§ Work to be completed
In the entries below, begin at the line that has "Cała sala odśpiewała", stop after the line that has "Create printable debt-free", and output those lines exactly with no pictures.

§ Entries provided
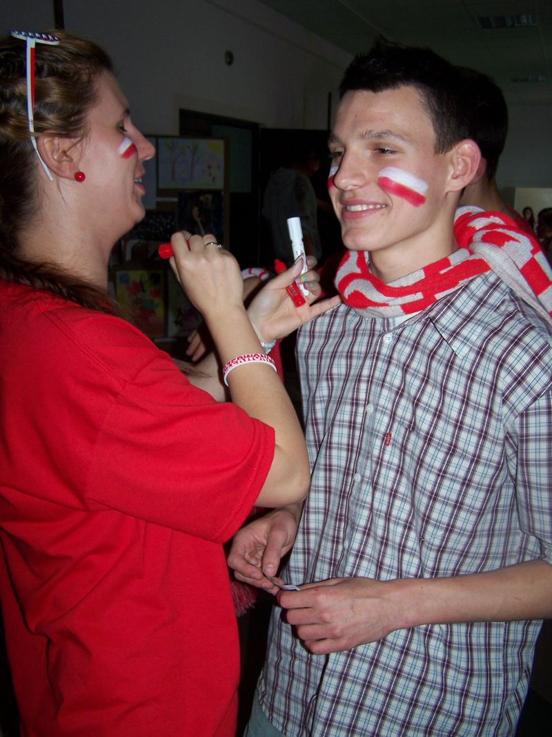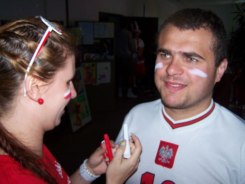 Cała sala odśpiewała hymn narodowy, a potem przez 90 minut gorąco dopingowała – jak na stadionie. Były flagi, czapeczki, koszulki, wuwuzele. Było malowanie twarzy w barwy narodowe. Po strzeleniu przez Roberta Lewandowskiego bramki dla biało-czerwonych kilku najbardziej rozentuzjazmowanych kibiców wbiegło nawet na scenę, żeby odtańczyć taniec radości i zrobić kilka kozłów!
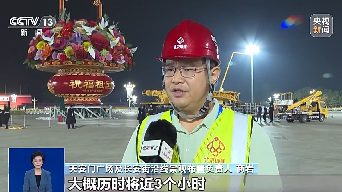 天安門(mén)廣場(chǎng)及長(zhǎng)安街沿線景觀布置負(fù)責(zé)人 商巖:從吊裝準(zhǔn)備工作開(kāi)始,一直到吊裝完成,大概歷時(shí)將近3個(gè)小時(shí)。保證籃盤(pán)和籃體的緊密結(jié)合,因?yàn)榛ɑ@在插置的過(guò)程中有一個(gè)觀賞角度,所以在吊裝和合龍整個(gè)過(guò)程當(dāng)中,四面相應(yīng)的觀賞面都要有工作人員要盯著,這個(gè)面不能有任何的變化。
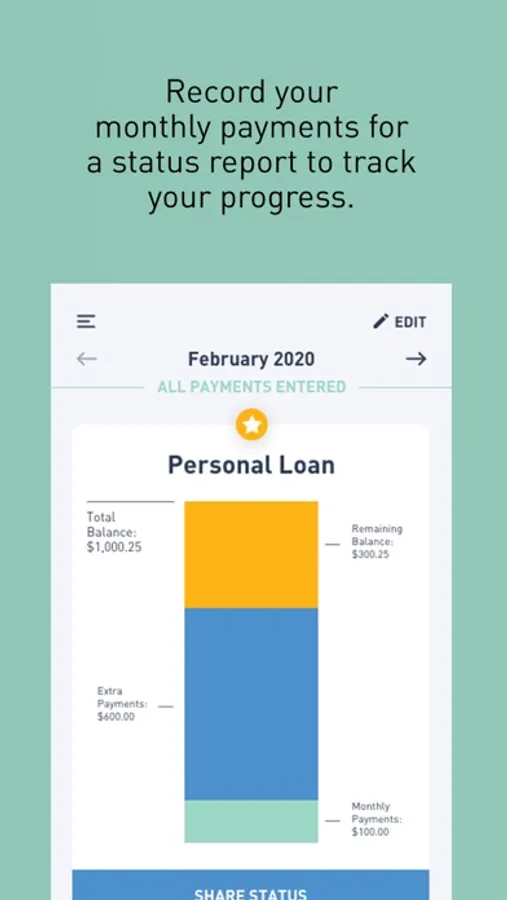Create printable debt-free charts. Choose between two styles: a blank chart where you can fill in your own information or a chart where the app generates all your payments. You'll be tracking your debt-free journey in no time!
* * *
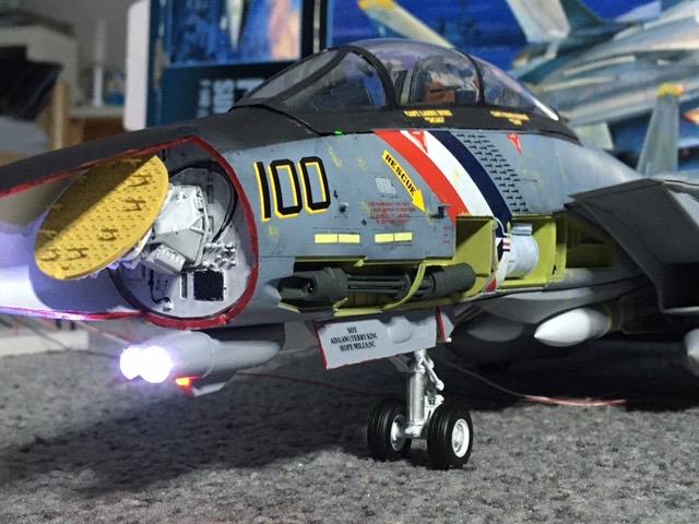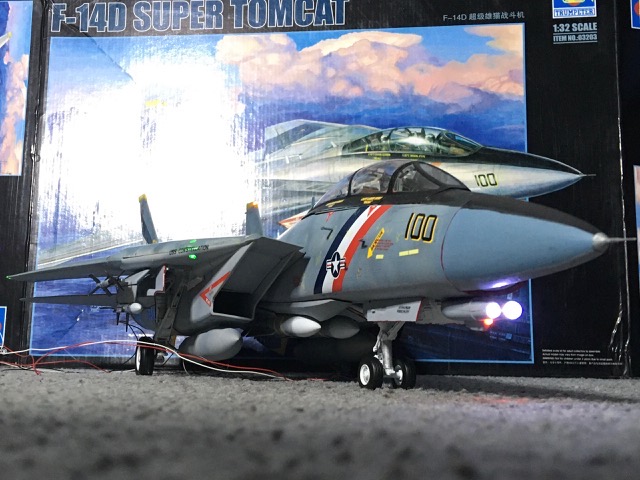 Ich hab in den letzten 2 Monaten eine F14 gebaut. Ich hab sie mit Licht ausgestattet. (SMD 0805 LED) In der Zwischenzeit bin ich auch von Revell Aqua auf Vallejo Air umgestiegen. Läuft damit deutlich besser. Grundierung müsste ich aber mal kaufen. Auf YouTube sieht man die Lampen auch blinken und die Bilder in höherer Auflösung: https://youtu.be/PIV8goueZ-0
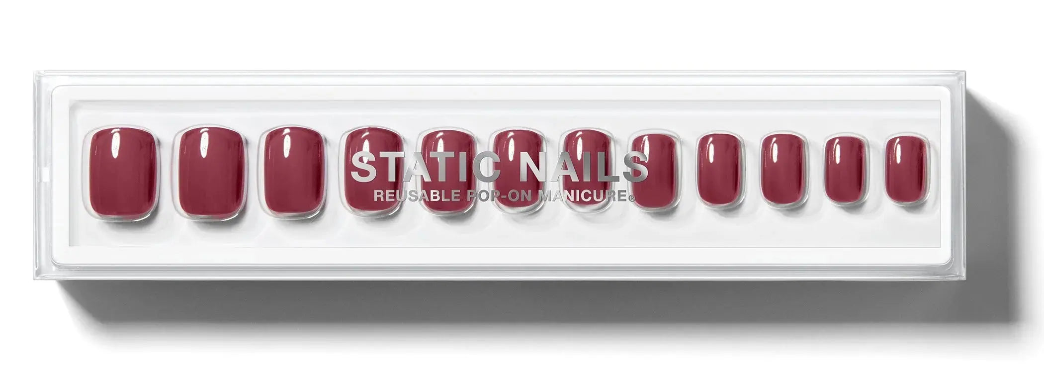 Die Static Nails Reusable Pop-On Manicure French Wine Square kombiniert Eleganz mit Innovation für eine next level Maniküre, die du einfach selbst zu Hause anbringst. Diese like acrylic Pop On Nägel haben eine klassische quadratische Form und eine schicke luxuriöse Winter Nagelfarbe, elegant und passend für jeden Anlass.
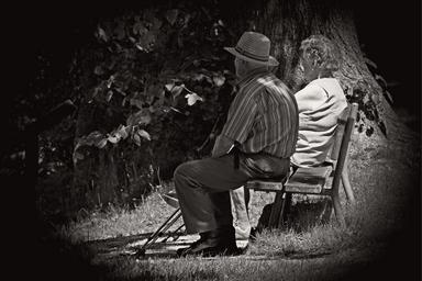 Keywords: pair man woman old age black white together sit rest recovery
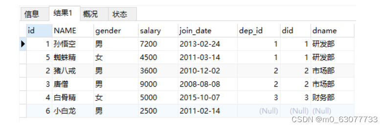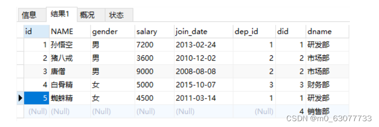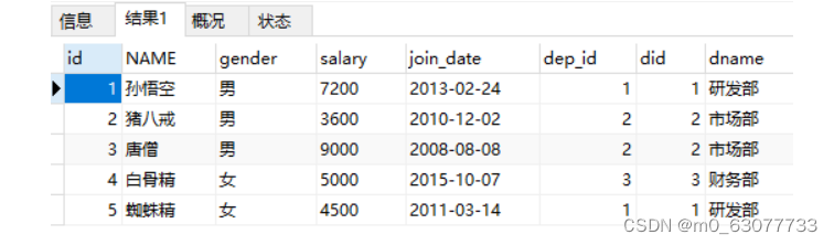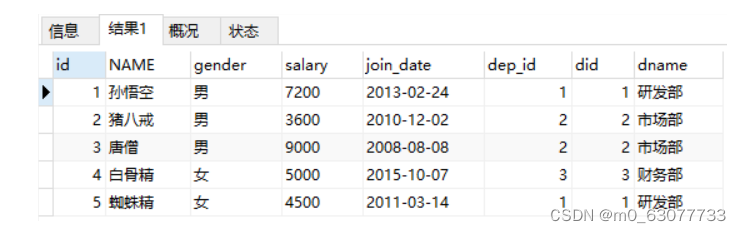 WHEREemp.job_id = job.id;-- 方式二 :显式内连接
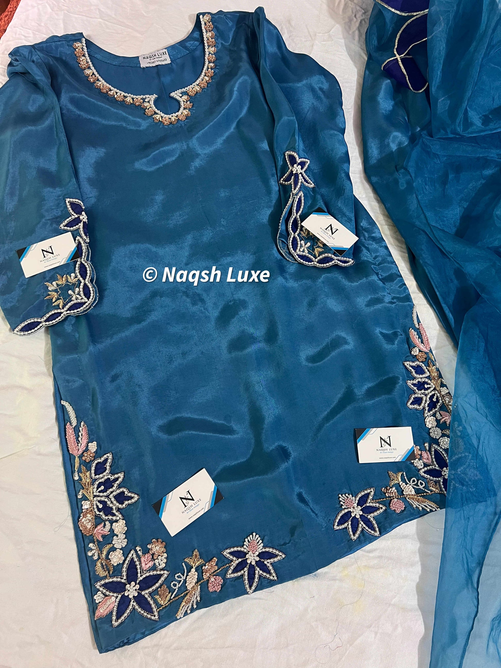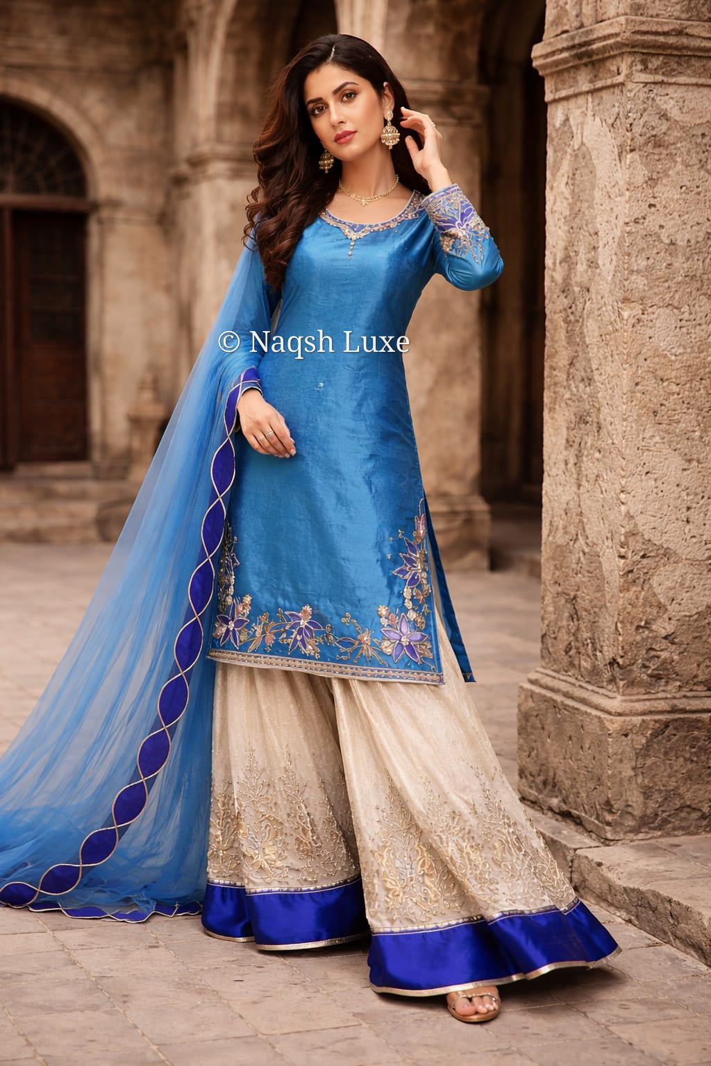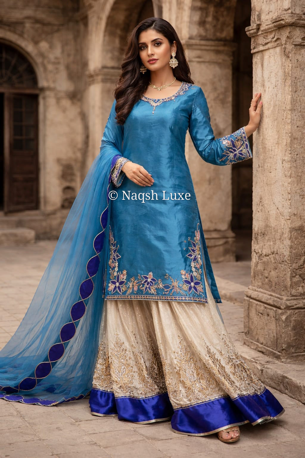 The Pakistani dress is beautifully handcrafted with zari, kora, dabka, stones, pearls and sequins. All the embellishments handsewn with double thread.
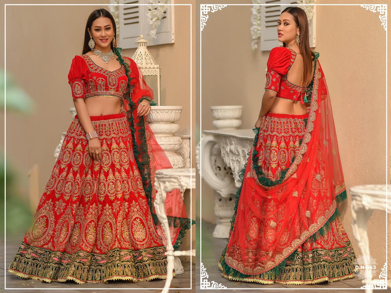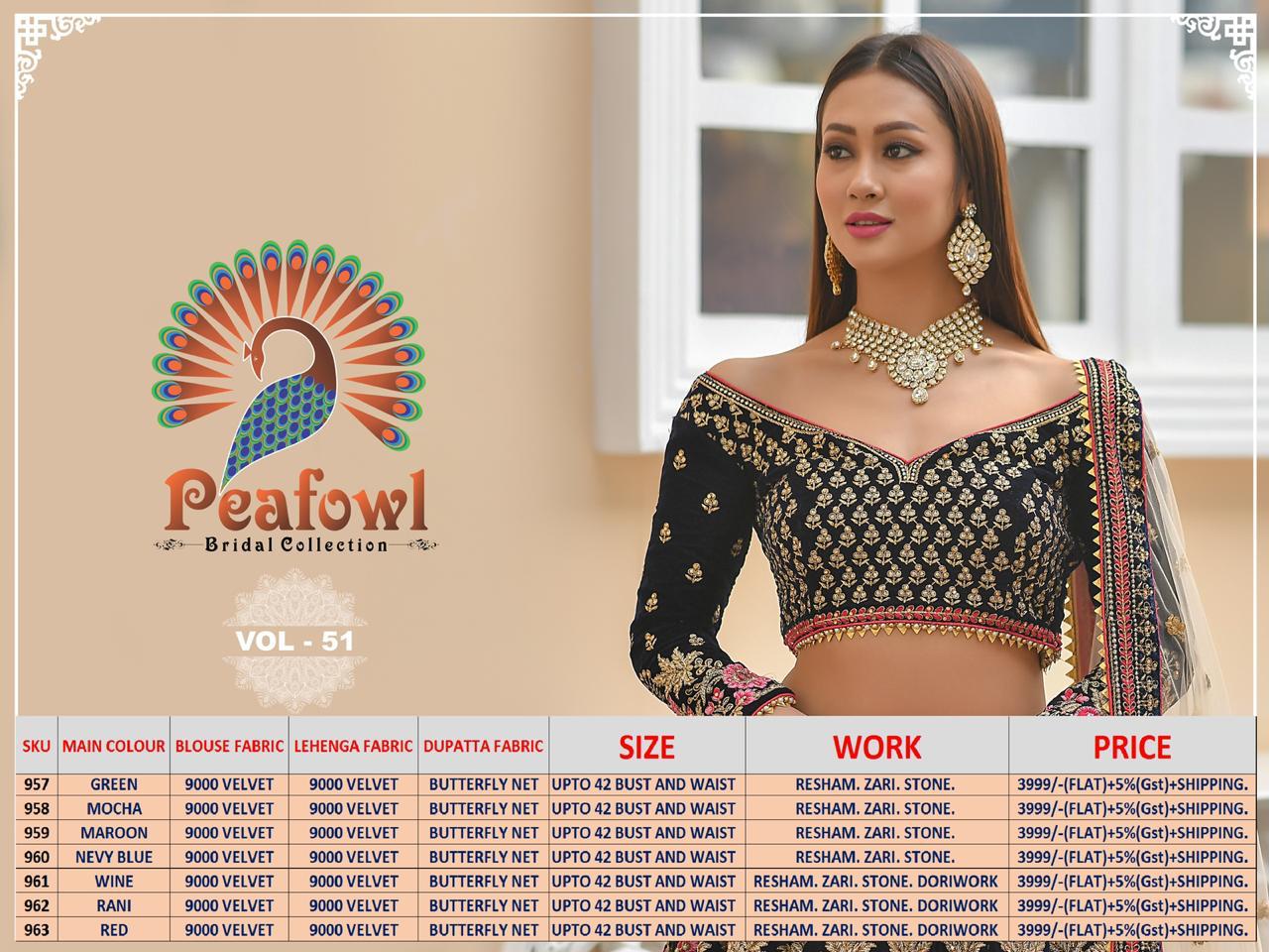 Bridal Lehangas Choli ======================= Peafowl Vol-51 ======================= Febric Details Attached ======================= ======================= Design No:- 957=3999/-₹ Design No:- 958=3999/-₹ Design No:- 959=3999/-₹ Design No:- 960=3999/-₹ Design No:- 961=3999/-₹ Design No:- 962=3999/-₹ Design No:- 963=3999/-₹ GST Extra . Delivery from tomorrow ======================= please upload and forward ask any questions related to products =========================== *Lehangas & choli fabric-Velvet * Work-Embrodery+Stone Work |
==
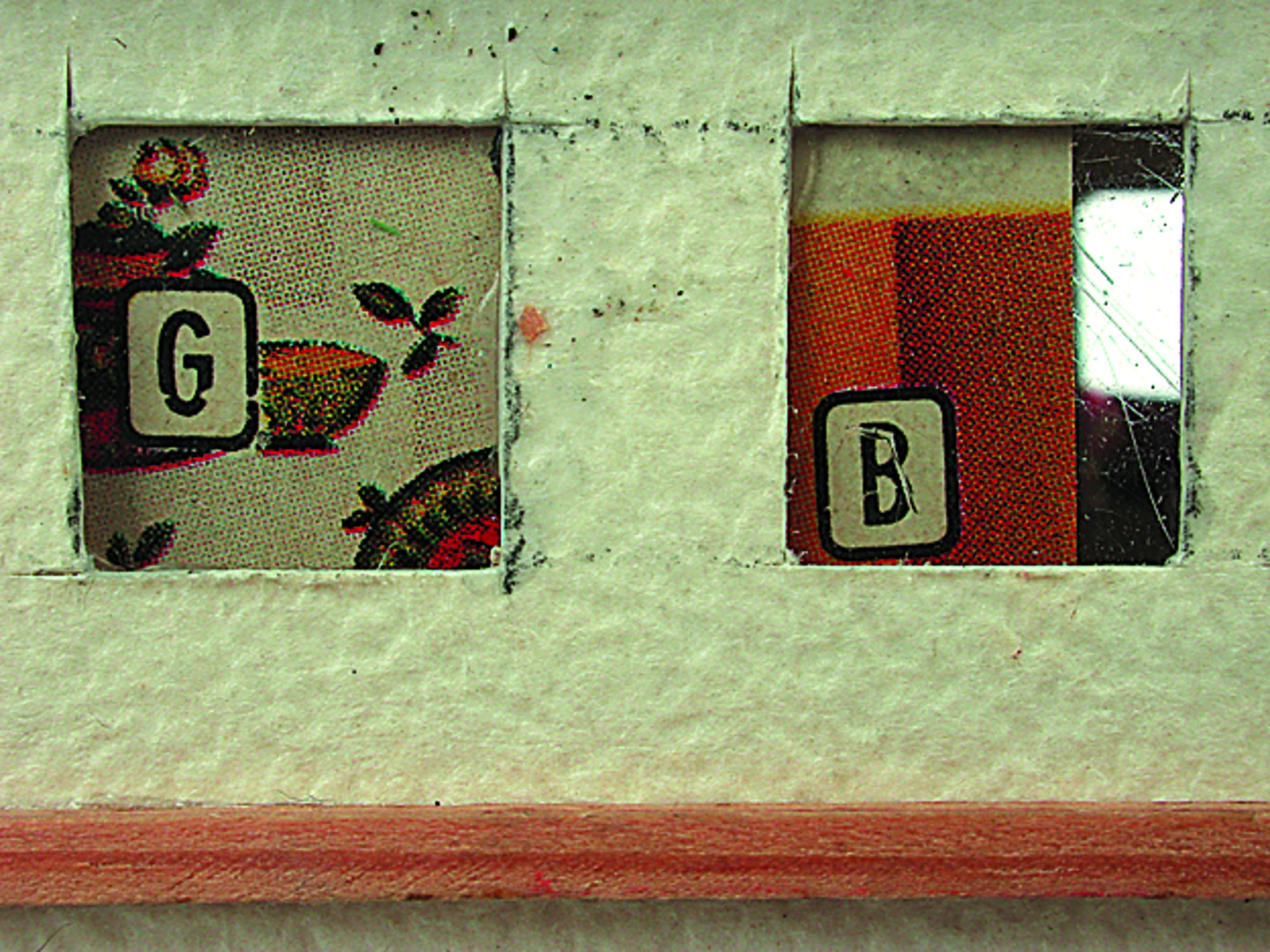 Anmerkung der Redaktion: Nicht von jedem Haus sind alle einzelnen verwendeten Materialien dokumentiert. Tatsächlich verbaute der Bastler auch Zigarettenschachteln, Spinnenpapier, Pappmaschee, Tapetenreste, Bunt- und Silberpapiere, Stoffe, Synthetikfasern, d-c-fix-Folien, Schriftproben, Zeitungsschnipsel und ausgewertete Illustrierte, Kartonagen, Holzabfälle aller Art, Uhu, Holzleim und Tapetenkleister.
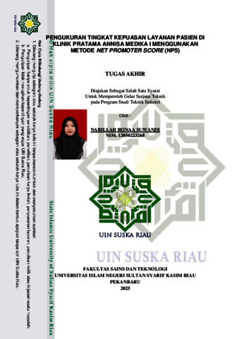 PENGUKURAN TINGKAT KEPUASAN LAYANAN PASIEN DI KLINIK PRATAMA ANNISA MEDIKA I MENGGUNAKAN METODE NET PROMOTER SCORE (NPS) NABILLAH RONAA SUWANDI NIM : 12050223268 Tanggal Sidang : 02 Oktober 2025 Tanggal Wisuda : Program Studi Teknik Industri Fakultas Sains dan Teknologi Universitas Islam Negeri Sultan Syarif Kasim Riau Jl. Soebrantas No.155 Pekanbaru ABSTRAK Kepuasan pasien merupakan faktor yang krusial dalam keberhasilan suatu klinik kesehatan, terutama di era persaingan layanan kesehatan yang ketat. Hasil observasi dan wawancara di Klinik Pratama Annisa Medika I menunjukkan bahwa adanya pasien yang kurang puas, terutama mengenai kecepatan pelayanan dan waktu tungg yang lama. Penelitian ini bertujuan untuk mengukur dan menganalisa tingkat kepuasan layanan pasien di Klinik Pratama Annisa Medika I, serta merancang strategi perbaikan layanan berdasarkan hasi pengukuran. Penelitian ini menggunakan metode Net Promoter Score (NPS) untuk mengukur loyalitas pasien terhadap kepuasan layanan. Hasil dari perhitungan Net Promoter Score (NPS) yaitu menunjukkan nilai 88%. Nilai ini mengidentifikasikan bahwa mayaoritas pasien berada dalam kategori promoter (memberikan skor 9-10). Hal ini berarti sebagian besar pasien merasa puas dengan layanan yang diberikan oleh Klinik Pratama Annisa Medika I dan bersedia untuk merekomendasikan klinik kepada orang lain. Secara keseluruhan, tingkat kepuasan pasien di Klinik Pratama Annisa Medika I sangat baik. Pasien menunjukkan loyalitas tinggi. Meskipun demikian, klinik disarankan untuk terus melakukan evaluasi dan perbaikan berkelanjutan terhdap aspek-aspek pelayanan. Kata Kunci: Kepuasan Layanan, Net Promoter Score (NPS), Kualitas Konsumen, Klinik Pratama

§ Expected answer
 Cała sala odśpiewała hymn narodowy, a potem przez 90 minut gorąco dopingowała – jak na stadionie. Były flagi, czapeczki, koszulki, wuwuzele. Było malowanie twarzy w barwy narodowe. Po strzeleniu przez Roberta Lewandowskiego bramki dla biało-czerwonych kilku najbardziej rozentuzjazmowanych kibiców wbiegło nawet na scenę, żeby odtańczyć taniec radości i zrobić kilka kozłów!
 天安門(mén)廣場(chǎng)及長(zhǎng)安街沿線景觀布置負(fù)責(zé)人 商巖:從吊裝準(zhǔn)備工作開(kāi)始,一直到吊裝完成,大概歷時(shí)將近3個(gè)小時(shí)。保證籃盤(pán)和籃體的緊密結(jié)合,因?yàn)榛ɑ@在插置的過(guò)程中有一個(gè)觀賞角度,所以在吊裝和合龍整個(gè)過(guò)程當(dāng)中,四面相應(yīng)的觀賞面都要有工作人員要盯著,這個(gè)面不能有任何的變化。
Create printable debt-free charts. Choose between two styles: a blank chart where you can fill in your own information or a chart where the app generates all your payments. You'll be tracking your debt-free journey in no time!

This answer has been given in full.